06 Jan 2020 | BY somarketing

As a general rule, the individual partners in a partnership are treated as self-employed for tax purposes. Consequently, they pay tax under the self-assessment system and pay Class 2 and Class 4 National Insurance contributions on their profits.

However, in a limited liability partnership (LLP), some of the partners are more like employees in nature than partners in a traditional partnership. In recognition of this, legislation was introduced to treat such partners as employees rather than as self-employed partners, with the upshot that they are taxed on their partnership earnings (‘salary’) under PAYE rather than under self-assessment, and they pay Class 1 National Insurance rather than Classes 2 A and 4.

The rules

The salaried partner treatment only applies if all of the following three conditions are met.

Condition A is met if the partner receives a reward that is more like a salary than a share of business profits.

An amount falls within this condition if:

• it is fixed;
• it is variable but without reference to the overall amount of the profits of the LLP; or
• it is not, in practice, affected by the overall profits and losses of the LLP

However, it should be noted that payments made on account of a profit share are not treated as disguised salary and the payments are contingent on future profits being made.

Condition B is met if the mutual rights and duties of the members of the LLP and the rights and duties of the LLP and its members do not give the individual significant influence over the affairs of the LLP. This condition seeks to identify partners who do not have significant influence – in a traditional partnership, the partners are in business together and have an influence on how business is done and the decisions made. A partner who is more like an employee will lack that degree of influence.
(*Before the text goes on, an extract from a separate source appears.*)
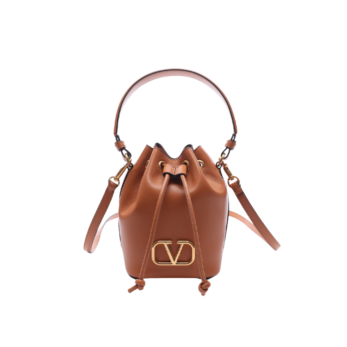 발렌티노 나파 레더 브이로고 시그니쳐 미니 버킷백 카멜

A partner will, however, be regarded as having significant influence if they are involved in the day-to-day management. Partners acting in a senior management role who may leave the day-to-day running to others but who can exert significant influence over the strategic decision of the business will also be regarded as having significant control.

Condition C is met if the individual’s capital contribution is less than 25% of the disguised salary which it is reasonable to expect will be received by the partner in return for the services that they perform for the LLP. New partners are allowed two months in which to contribute the capital.


Where all of the above conditions are met by a partner of an LLP, the partner must be treated like an employee for tax and National Insurance purposes. Payments treated as salary are taxed under PAYE and the employee must pay Class 1 National Insurance contributions. The LLP must also pay secondary Class 1 National Insurance.

Partner note: ITTOIA 2005, ss. 863A – 863G.